Капатас каргадоров, итальянский моряк, о котором я тебе писал уже прежде, спас его от позорной смерти. У этого человека удивительный талант всегда оказываться именно там, где можно совершить нечто живописное.
В четыре часа утра мы с ним находились в редакции „Нашего будущего“, куда он явился в такое раннее время специально, чтобы предупредить меня, что в городе начинаются волнения, а также сообщить, что он и его каргадоры будут поддерживать законность и порядок. Когда стало совсем светло, мы с ним вдвоем увидели многолюдную толпу пеших и конных, которая явилась на площадь и швыряла камни в окна ратуши. Ностромо (он известен здесь под этой кличкой) показал мне своих каргадоров, мелькающих в толпе.

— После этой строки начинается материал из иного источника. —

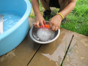 氷の中に入っている玩具を取り出そうと一生懸命な子どもたち。どうやったら溶けるかな??

В Сулако солнце всходит поздно, ибо должно сперва взобраться на горы. В его ярком свете, сменившем рассветную мглу, Ностромо увидел на противоположной стороне громадной площади, у того места, где стоит собор, какого-то всадника, вокруг которого бесновалась орава проходимцев гнуснейшего вида. Он тотчас же сказал: „Этот человек не здешний. Почему они привязались к нему?“ Тут он достал серебряный свисток, которым пользуется обычно на пристани (этот человек, по-моему, считает ниже своего достоинства притрагиваться к металлу менее ценному, чем серебро), и дважды в него дунул, очевидно, подавая условный сигнал каргадорам. Затем он выбежал из помещения редакции, а они его окружили. Выбежал и я, но слишком поздно, чтобы поспеть за ними и помочь спасти жизнь незнакомца, теперь уже пешего, потому что его хромой мул свалился на землю.

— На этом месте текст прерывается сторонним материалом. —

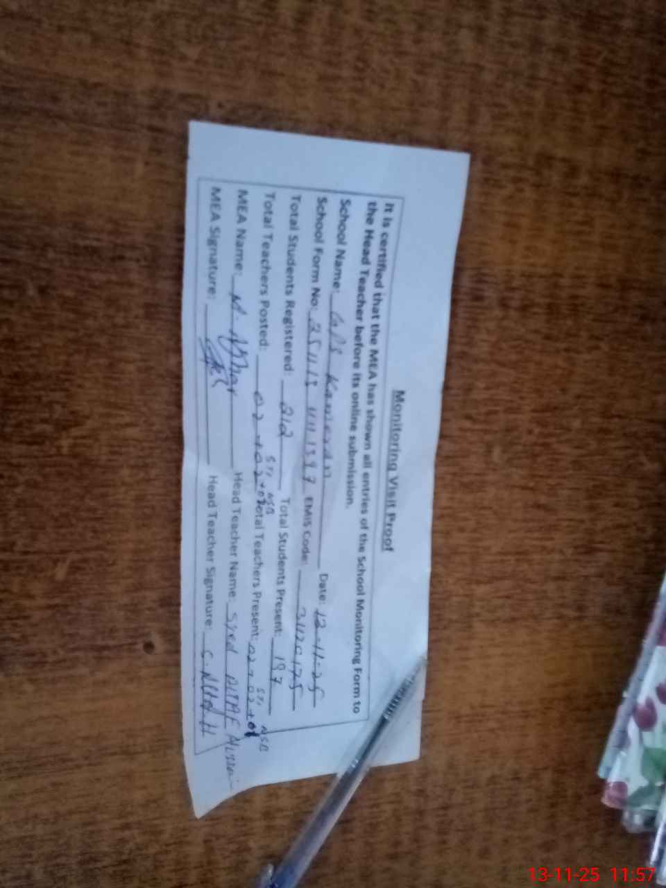 | Attendance Register | Head Teacher | MEA with School | Visit Proof |

Усмотрев в моем лице ненавистного аристократа, толпа сразу набросилась на меня, но, к счастью, мне удалось пробраться в клуб, где дон Хаиме Бергес (ты, вероятно, помнишь, как он был у нас в Париже года три назад) сунул мне охотничье ружье. На раскрытых ломберных столах лежали кучки патронов. Мне запомнились два или три опрокинутых стула, бутылки, катившиеся по полу среди рассыпанных карточных колод, которые упали, когда кабальеро бросились к окнам, прекратив игру, и стали стрелять по толпе. Большая часть молодых дворян провела эту ночь в клубе, ожидая, что в городе начнутся беспорядки. Свечи в обоих канделябрах сгорели до самого донышка. В тот момент, когда я входил в зал, кто-то угодил в окно железной гайкой, по-видимому, похищенной из железнодорожных мастерских, и разбил большое зеркало, вделанное в стену.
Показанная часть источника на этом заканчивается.